Given Half a Chance: The 50 State Report on Public Education and Black Males.

For over five years, The Schott Foundation for Public Education has tracked the performance of Black males in public education systems across the nation.* Past efforts by Schott were designed to raise the nation's consciousness about the critical education issues affecting Black males; low graduation rates, high rates of placement in special education, and the disproportionate use of suspensions and expulsions, to name a few.

The 2008 edition, Given Half a Chance: The Schott 50 State Report on Public Education and Black Males, details the drastic range of outcomes for Black males, especially the tragic results in many of the nation's biggest cities. Given Half a Chance also deliberately highlights the resource disparities that exist in schools attended by Black males and their White, non-Hispanic counterparts. The 2008 Schott report documents that states and most districts with large Black enrollments educate their White, non-Hispanic children, but do not similarly educate the majority of their Black male students. Key examples:

  • More than half of Black males did not receive diplomas with their cohort in 2005/2006.
  • The state of New York has 3 of the 10 districts with the lowest graduation rates for Black males.
  • The one million Black male students enrolled in the New York, Florida, and Georgia public schools are twice as likely not to graduate with their class as to do so.
  • Delaware, Georgia, Illinois, Indiana, Michigan, South Carolina, and Wisconsin graduated fewer Black males with their peer group than the national average.
  • Illinois and Wisconsin have nearly 40-point gaps between how effectively they educate their Black and White non-Hispanic male students.

These trends, and others cited in Given Half a Chance, are evidence of a school-age population that is substantively denied an opportunity to learn, and of a nation at risk.

* Black students are defined by the U.S. Department of Education as "students having origins in any of the Black racial groups of Africa as reported by their school." Data in the Report are based on information from the U. S. Department of Education's National Center for Education Statistics and Office for Civil Rights, state departments of education and local school districts.

Full Report


Comments (2)

Patrick Groff
Said this on 7-26-2008 At 01:35 pm
The report refers to the "denial" to black students from low-income homes of a proper education.
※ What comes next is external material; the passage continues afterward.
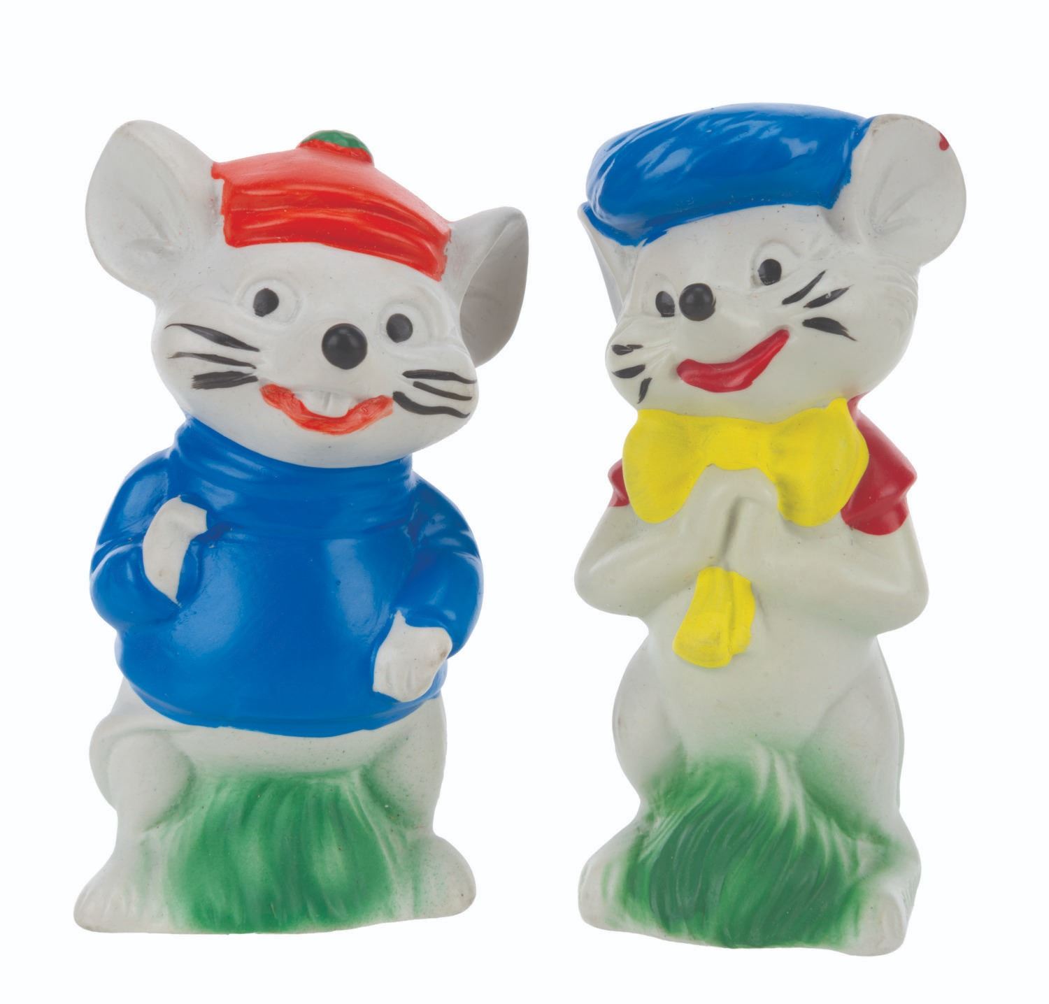 (Disney, 1977 A pair of rubber toy figures of Bernard and Bianca from ”The Rescuers.” Each standing 3.75” tall, the figures are in very good condition.

To the contrary, this expression should read: the strong antagonism toward formal instruction of black students from single-parent, low-income homes is the basic reason these youngsters do so poorly in school. Unless that adjustment in judgment about these black students is accepted, their educational futures will remain in peril.

Patrick Groff, Professor of Education Emeritus, San Diego State U.
Bill
Said this on 7-28-2008 At 04:58 pm
You cannot "educate" someone. You can provide an opportunity for someone to work towards an education. This is another example of someone or some organization trying to use racism as an excuse for those who have failed to put in the work needed to do well in school.